### Work order
In the records below, the relevant part opens with the line containing "1月18日,在江蘇省泗洪縣界" and closes with the line containing "4)自動(dòng)對(du"; print that part exactly and only, without its pictures.

==== Material supplied ====

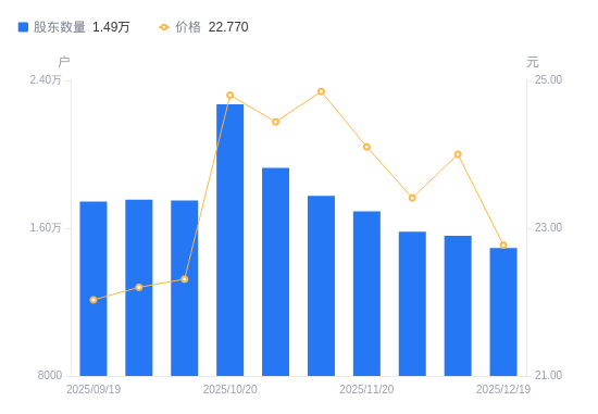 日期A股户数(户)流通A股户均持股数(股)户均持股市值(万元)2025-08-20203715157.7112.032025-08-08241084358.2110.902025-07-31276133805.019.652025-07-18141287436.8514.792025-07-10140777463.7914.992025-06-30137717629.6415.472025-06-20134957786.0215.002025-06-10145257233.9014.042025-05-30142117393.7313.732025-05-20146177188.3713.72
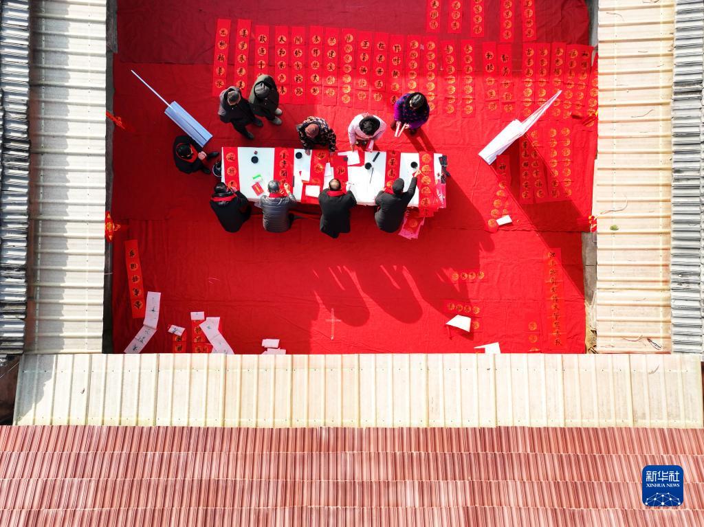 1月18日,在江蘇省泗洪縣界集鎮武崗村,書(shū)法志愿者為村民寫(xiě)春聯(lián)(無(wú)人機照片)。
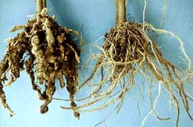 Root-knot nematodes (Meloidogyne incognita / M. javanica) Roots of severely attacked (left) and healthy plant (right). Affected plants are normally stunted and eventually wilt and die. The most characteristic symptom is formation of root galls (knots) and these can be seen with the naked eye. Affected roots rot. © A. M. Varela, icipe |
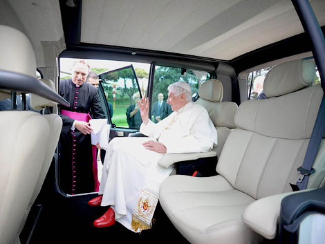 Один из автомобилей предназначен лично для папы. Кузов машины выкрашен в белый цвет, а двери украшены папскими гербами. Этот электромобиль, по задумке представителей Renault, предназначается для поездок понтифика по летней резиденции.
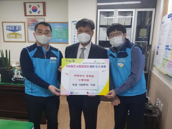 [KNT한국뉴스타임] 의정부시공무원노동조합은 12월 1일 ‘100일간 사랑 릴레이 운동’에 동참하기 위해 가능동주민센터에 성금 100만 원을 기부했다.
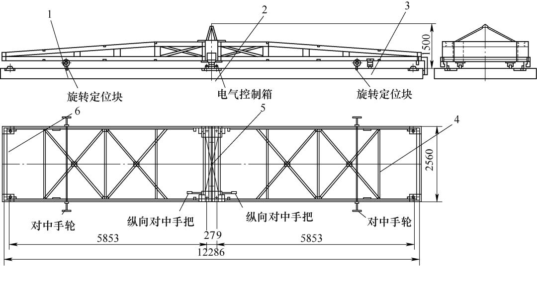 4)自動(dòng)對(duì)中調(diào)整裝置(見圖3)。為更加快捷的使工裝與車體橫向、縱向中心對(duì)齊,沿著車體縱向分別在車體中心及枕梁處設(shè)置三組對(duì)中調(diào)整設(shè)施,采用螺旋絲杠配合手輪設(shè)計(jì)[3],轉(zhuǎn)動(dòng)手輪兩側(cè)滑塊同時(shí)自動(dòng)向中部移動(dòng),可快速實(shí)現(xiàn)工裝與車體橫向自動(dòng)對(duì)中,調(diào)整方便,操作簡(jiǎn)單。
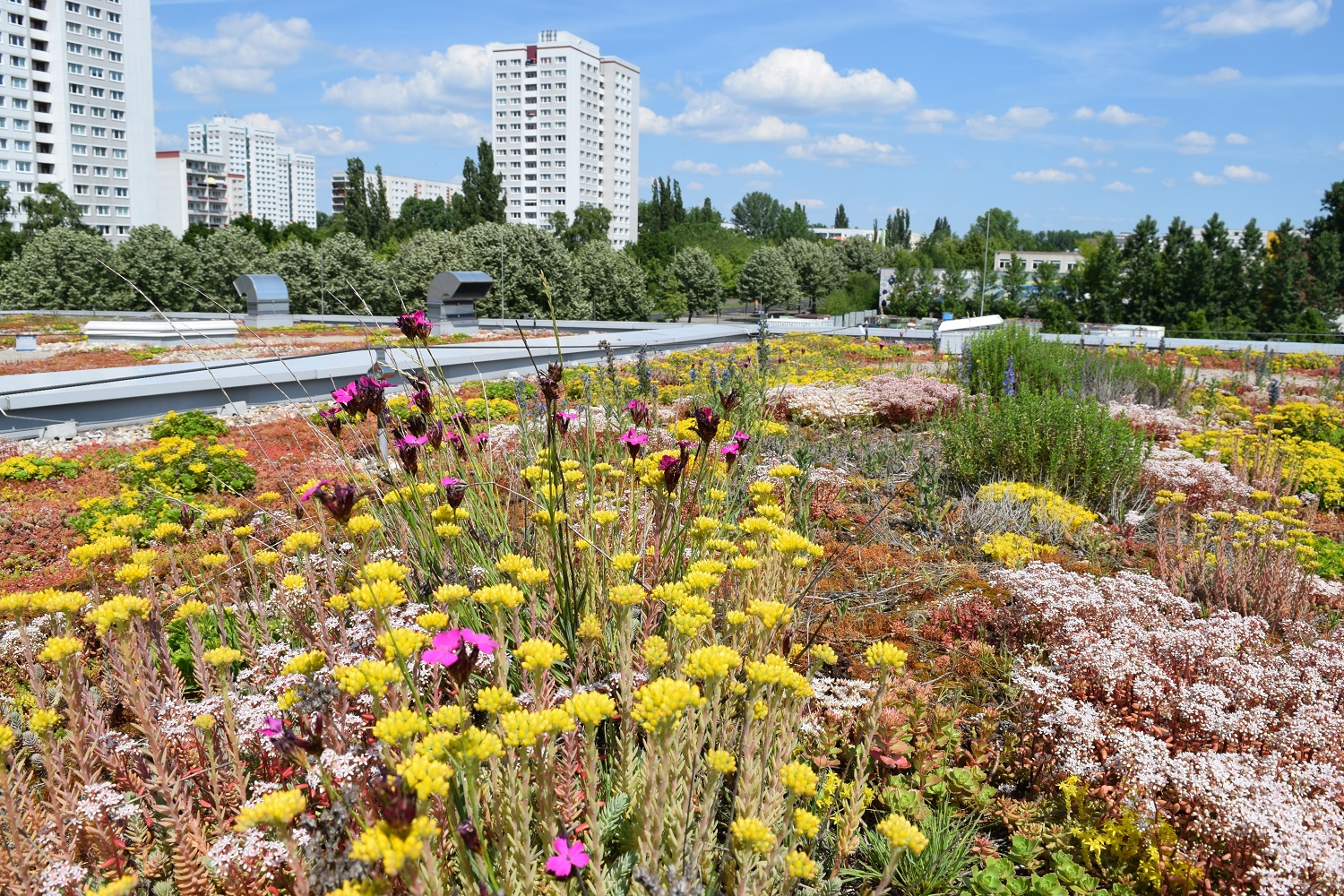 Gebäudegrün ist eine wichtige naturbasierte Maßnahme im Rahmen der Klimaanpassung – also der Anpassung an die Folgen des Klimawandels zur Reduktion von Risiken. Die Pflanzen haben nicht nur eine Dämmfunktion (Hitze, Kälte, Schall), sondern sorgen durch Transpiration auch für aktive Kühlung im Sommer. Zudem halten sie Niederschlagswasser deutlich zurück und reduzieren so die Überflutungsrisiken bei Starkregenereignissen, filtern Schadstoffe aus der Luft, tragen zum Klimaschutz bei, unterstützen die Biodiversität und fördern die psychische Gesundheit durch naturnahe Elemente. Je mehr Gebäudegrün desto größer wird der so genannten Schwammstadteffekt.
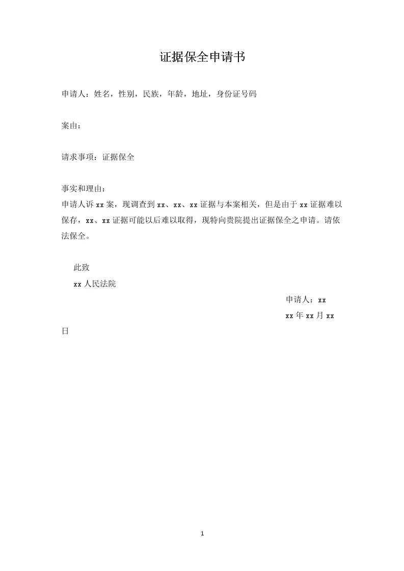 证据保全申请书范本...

====
==== Material supplied ====

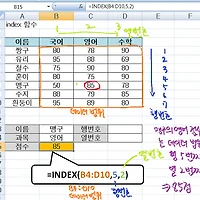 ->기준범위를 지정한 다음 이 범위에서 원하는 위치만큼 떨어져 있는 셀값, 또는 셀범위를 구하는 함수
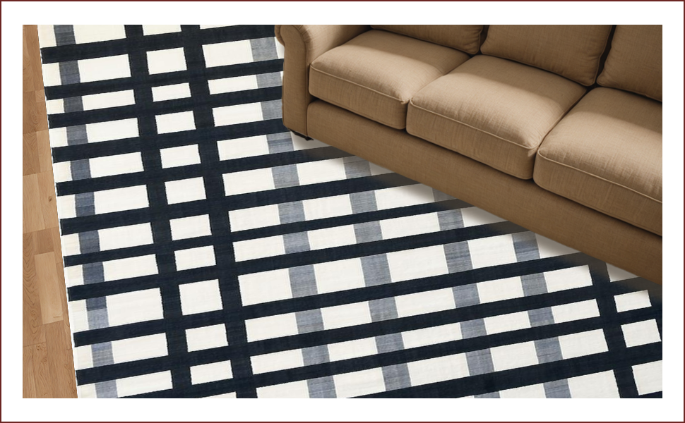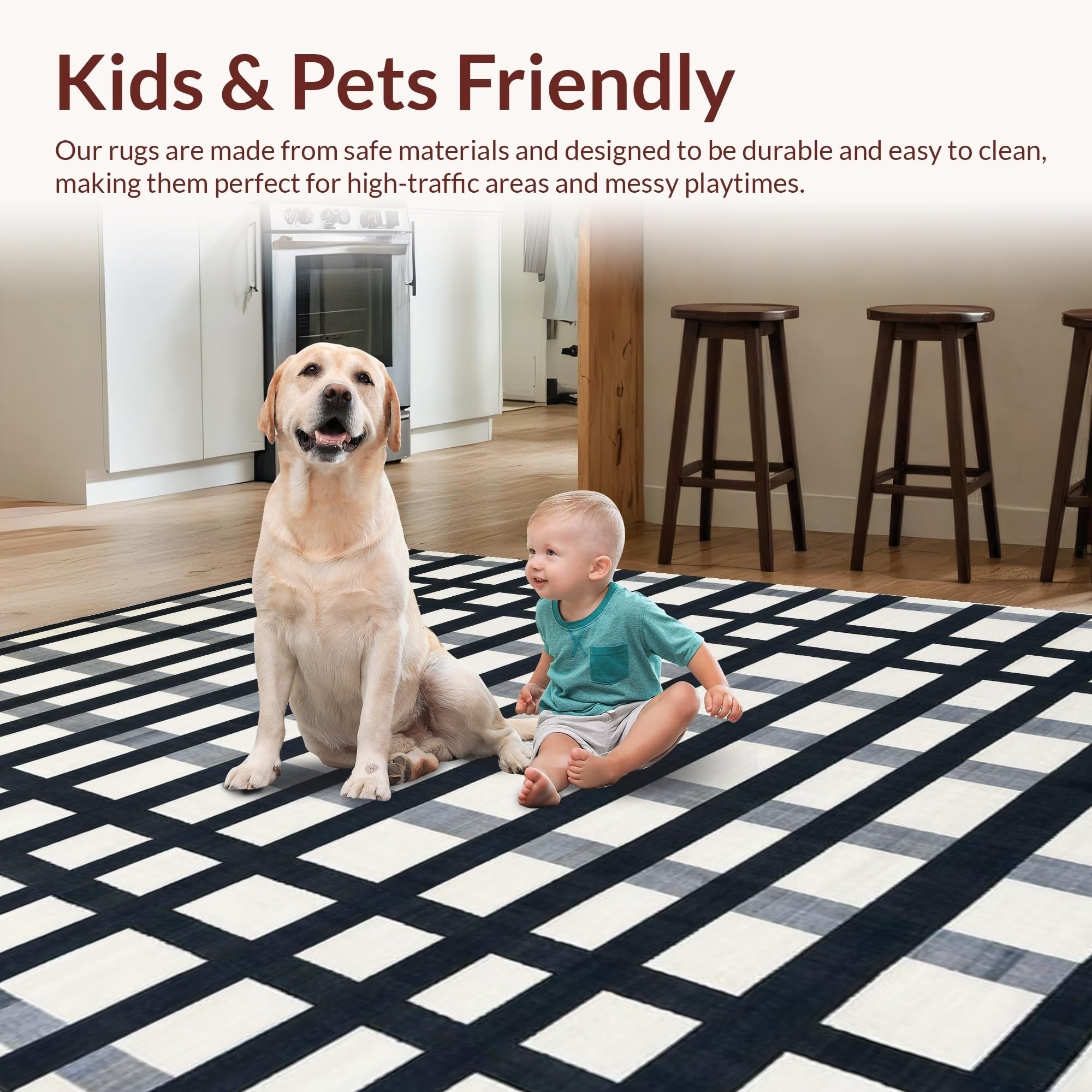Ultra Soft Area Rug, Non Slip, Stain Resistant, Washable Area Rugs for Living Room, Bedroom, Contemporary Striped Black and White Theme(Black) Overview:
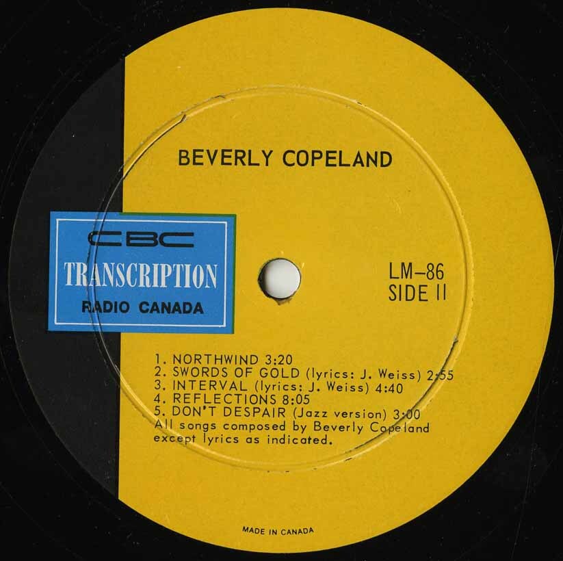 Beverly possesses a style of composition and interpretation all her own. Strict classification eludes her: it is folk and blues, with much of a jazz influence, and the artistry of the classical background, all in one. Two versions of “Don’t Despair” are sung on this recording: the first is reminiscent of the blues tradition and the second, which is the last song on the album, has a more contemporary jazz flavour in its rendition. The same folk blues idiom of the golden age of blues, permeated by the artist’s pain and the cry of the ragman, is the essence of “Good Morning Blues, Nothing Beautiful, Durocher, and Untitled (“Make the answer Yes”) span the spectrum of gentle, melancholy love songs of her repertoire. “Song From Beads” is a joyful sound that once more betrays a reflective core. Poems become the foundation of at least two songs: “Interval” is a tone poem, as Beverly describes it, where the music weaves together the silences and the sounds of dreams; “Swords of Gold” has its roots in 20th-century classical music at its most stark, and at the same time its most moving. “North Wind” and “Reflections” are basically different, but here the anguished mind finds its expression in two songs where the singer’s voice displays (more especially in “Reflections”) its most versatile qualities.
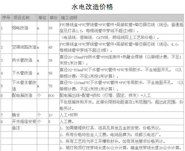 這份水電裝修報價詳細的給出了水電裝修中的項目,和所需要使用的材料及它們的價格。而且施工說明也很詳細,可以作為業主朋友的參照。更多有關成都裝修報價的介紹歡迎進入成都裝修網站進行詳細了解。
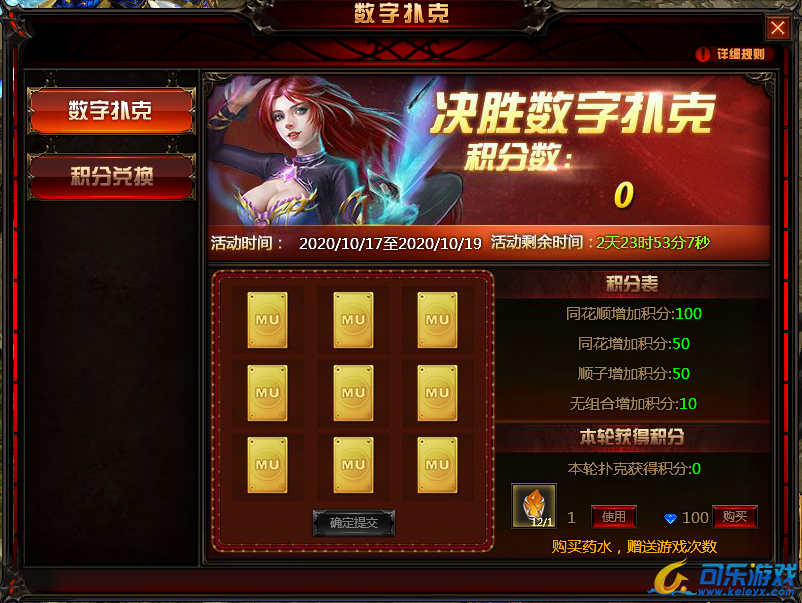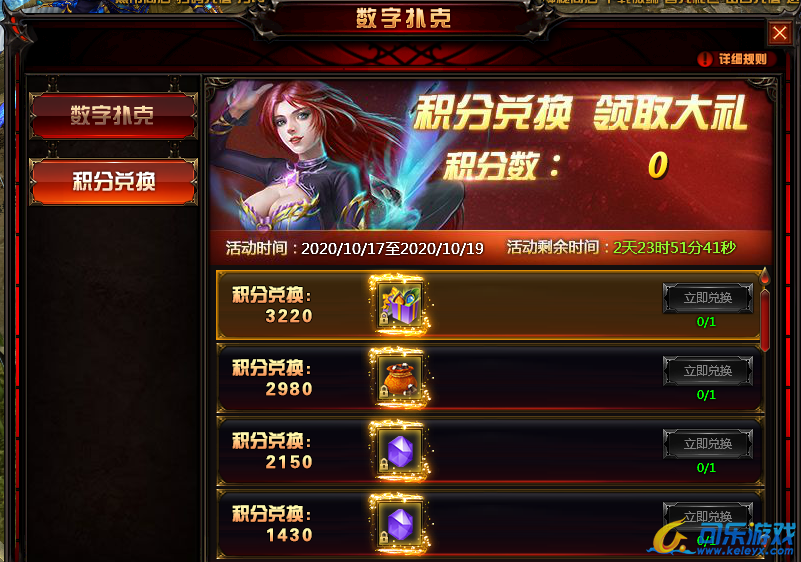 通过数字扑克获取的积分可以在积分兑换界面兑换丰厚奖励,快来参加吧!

====

### Output of the exercise
 1月18日,在江蘇省泗洪縣界集鎮武崗村,書(shū)法志愿者為村民寫(xiě)春聯(lián)(無(wú)人機照片)。
 Root-knot nematodes (Meloidogyne incognita / M. javanica) Roots of severely attacked (left) and healthy plant (right). Affected plants are normally stunted and eventually wilt and die. The most characteristic symptom is formation of root galls (knots) and these can be seen with the naked eye. Affected roots rot. © A. M. Varela, icipe |
 Один из автомобилей предназначен лично для папы. Кузов машины выкрашен в белый цвет, а двери украшены папскими гербами. Этот электромобиль, по задумке представителей Renault, предназначается для поездок понтифика по летней резиденции.
 [KNT한국뉴스타임] 의정부시공무원노동조합은 12월 1일 ‘100일간 사랑 릴레이 운동’에 동참하기 위해 가능동주민센터에 성금 100만 원을 기부했다.
 4)自動(dòng)對(duì)中調(diào)整裝置(見圖3)。為更加快捷的使工裝與車體橫向、縱向中心對(duì)齊,沿著車體縱向分別在車體中心及枕梁處設(shè)置三組對(duì)中調(diào)整設(shè)施,采用螺旋絲杠配合手輪設(shè)計(jì)[3],轉(zhuǎn)動(dòng)手輪兩側(cè)滑塊同時(shí)自動(dòng)向中部移動(dòng),可快速實(shí)現(xiàn)工裝與車體橫向自動(dòng)對(duì)中,調(diào)整方便,操作簡(jiǎn)單。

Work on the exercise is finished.